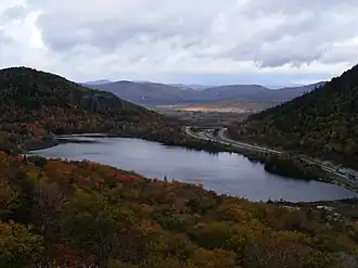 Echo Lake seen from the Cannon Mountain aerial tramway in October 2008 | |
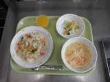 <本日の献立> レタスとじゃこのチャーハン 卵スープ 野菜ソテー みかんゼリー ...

---

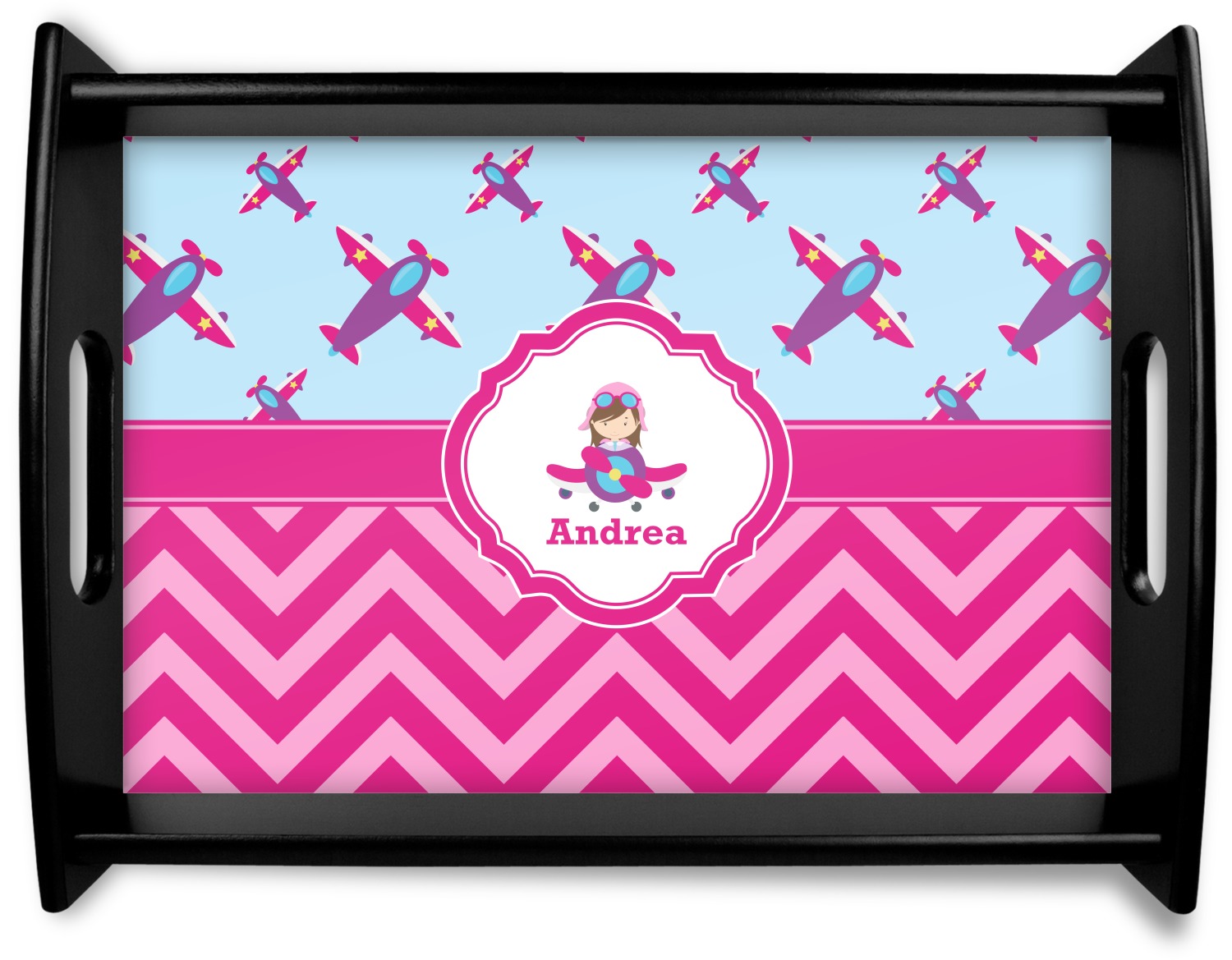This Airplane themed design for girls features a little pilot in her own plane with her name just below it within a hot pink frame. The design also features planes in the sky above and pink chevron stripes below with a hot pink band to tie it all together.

:: Problem details ::
From the line containing "Echo Lake seen" through the line containing "<本日の献立> レタスとじゃこのチャーハン 卵スープ 野菜ソテー みかんゼリー ...", copy every line above exactly, without pictures.

:: Response box ::
 Echo Lake seen from the Cannon Mountain aerial tramway in October 2008 | |
 <本日の献立> レタスとじゃこのチャーハン 卵スープ 野菜ソテー みかんゼリー ...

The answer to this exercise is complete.